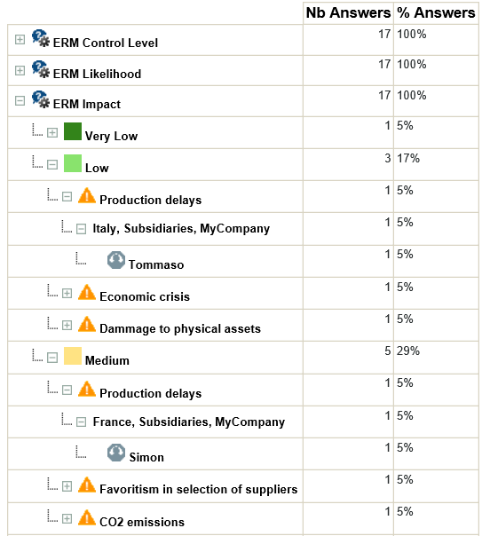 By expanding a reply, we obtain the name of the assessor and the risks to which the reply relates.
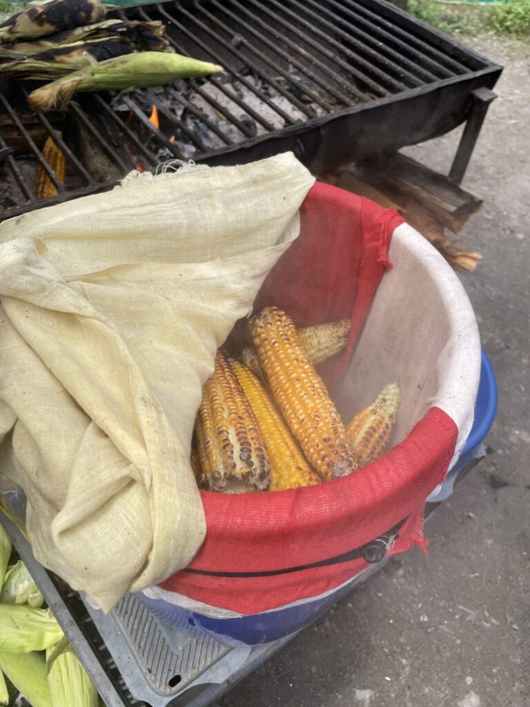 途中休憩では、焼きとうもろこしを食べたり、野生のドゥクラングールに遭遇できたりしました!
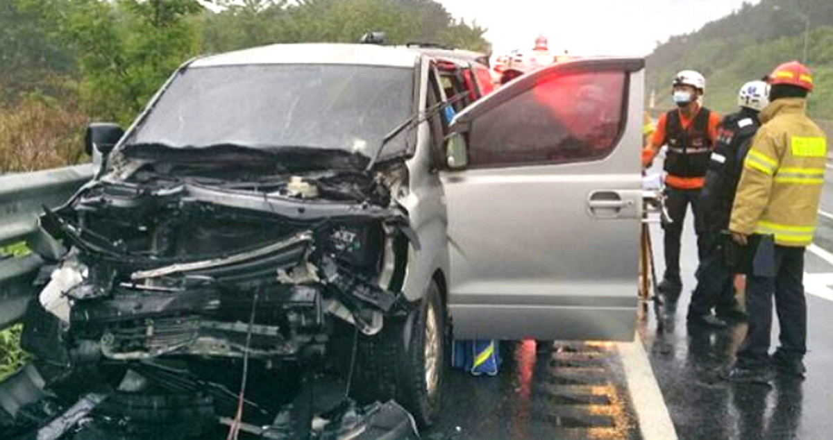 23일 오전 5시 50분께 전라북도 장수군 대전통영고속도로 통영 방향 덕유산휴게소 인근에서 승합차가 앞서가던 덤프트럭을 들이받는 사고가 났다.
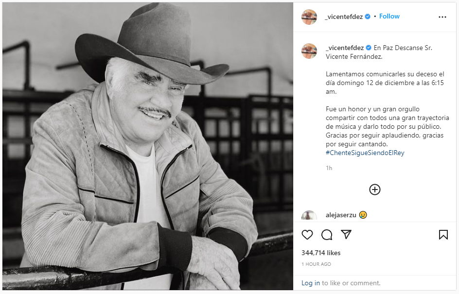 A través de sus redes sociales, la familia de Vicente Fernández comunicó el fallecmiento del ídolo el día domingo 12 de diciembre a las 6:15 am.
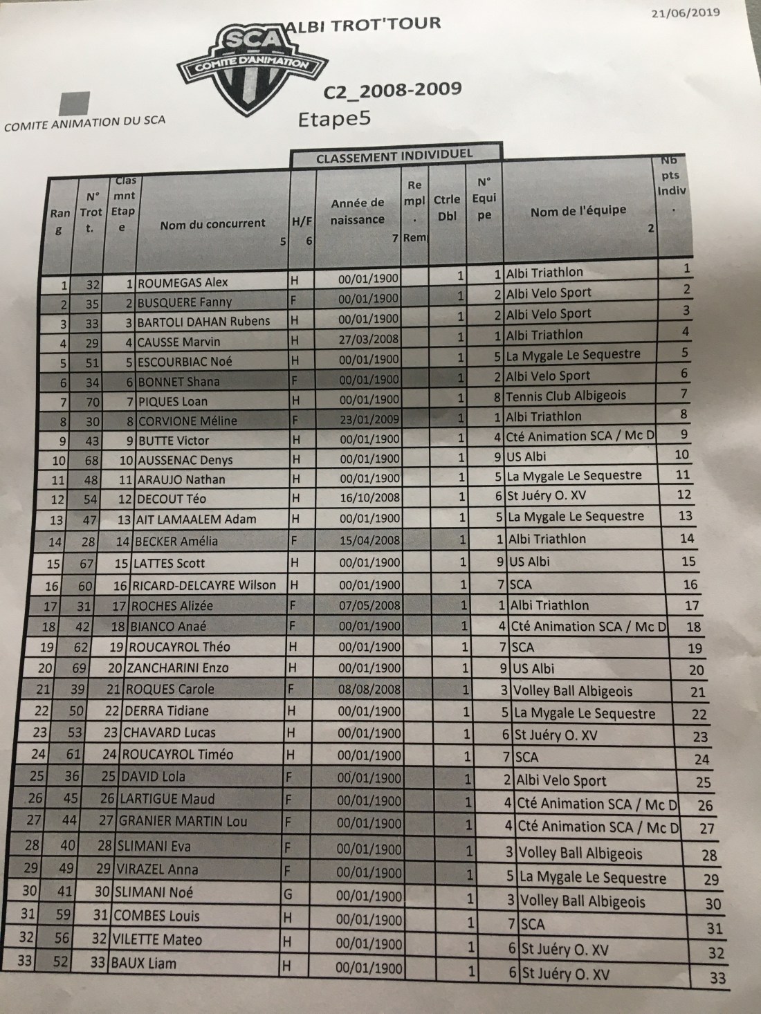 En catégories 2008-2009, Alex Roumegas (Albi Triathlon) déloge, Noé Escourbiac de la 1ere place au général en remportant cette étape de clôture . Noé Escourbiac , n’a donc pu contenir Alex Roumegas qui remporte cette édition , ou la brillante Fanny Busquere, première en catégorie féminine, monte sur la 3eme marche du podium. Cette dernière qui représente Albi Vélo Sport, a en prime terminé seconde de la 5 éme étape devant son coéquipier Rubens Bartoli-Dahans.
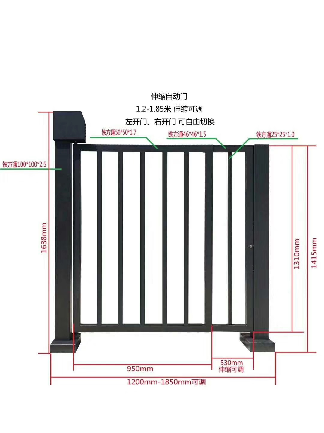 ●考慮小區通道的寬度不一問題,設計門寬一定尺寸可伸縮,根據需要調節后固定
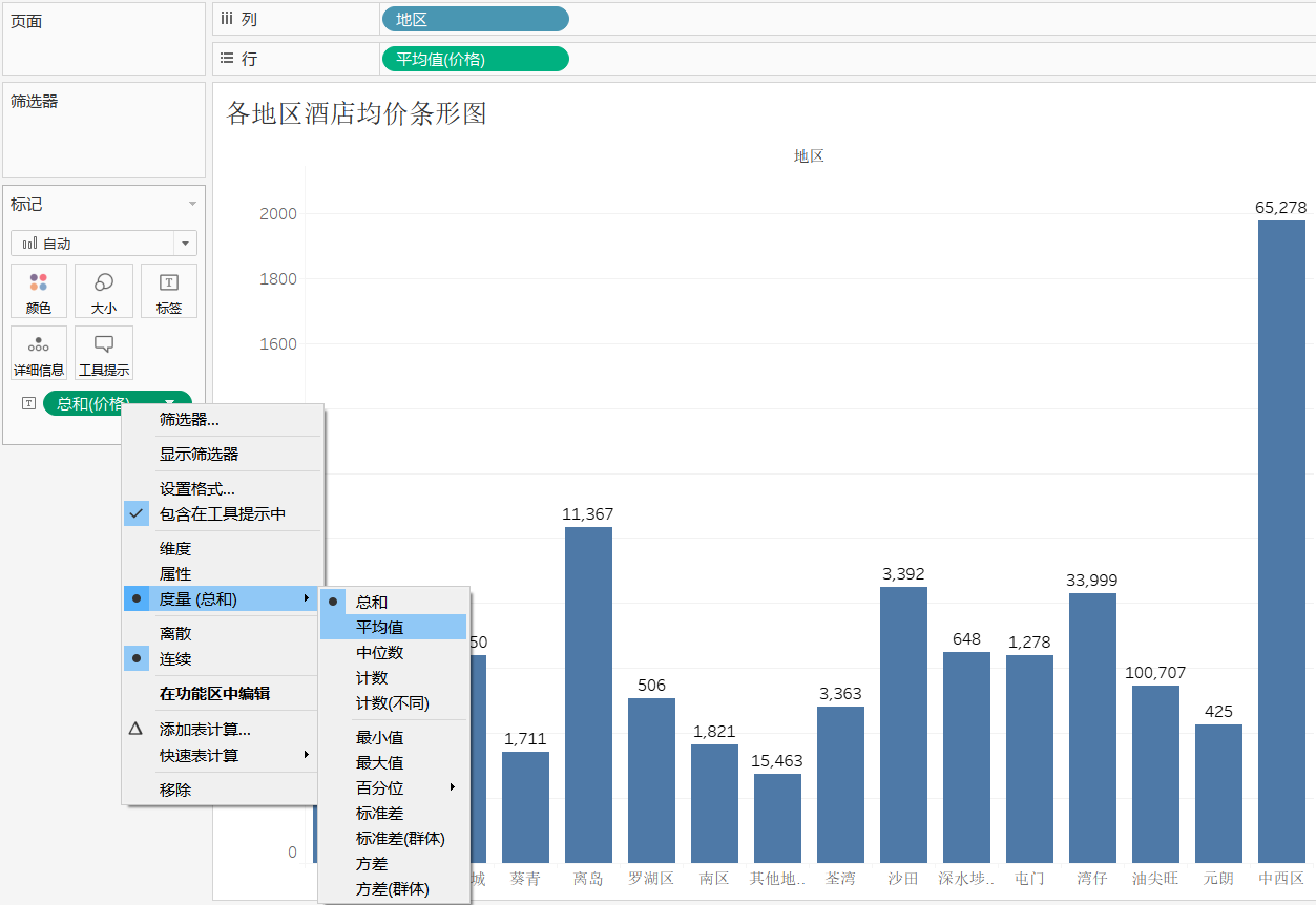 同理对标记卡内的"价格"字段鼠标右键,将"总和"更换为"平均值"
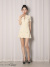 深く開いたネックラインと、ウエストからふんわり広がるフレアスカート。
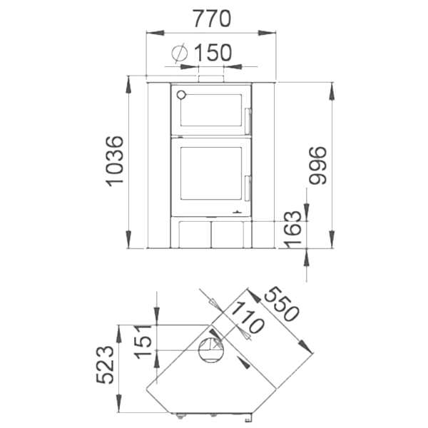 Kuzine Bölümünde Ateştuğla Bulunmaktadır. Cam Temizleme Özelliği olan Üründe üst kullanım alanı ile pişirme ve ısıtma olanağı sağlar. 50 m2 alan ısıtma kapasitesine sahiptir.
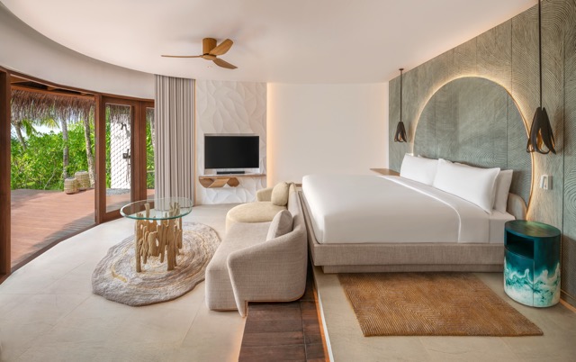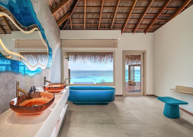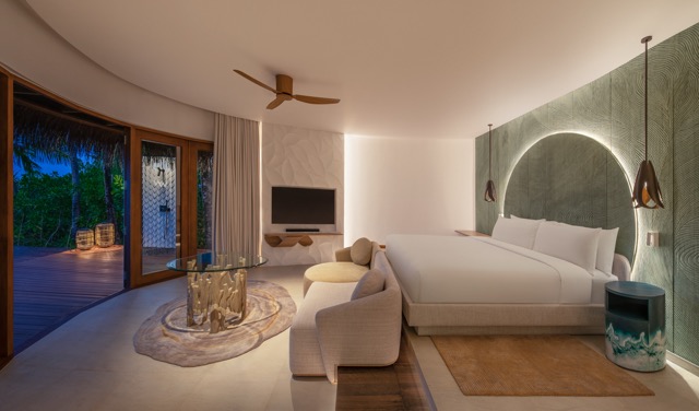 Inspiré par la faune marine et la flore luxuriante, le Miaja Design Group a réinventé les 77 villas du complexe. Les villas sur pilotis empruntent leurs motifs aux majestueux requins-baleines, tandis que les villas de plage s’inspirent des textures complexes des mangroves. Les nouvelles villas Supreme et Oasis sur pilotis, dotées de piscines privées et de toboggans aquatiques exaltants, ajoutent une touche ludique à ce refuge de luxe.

WHAT TO WORK ON:
Looking above, find the stretch of lines that opens with the one holding "En catégories 2008-2009, Alex" and closes with the one holding "深く開いたネックラインと、ウエストからふんわり広がるフレアスカート。". Copy it exactly, pictures excluded.

RESULT BELOW:
 En catégories 2008-2009, Alex Roumegas (Albi Triathlon) déloge, Noé Escourbiac de la 1ere place au général en remportant cette étape de clôture . Noé Escourbiac , n’a donc pu contenir Alex Roumegas qui remporte cette édition , ou la brillante Fanny Busquere, première en catégorie féminine, monte sur la 3eme marche du podium. Cette dernière qui représente Albi Vélo Sport, a en prime terminé seconde de la 5 éme étape devant son coéquipier Rubens Bartoli-Dahans.
 ●考慮小區通道的寬度不一問題,設計門寬一定尺寸可伸縮,根據需要調節后固定
 同理对标记卡内的"价格"字段鼠标右键,将"总和"更换为"平均值"
 深く開いたネックラインと、ウエストからふんわり広がるフレアスカート。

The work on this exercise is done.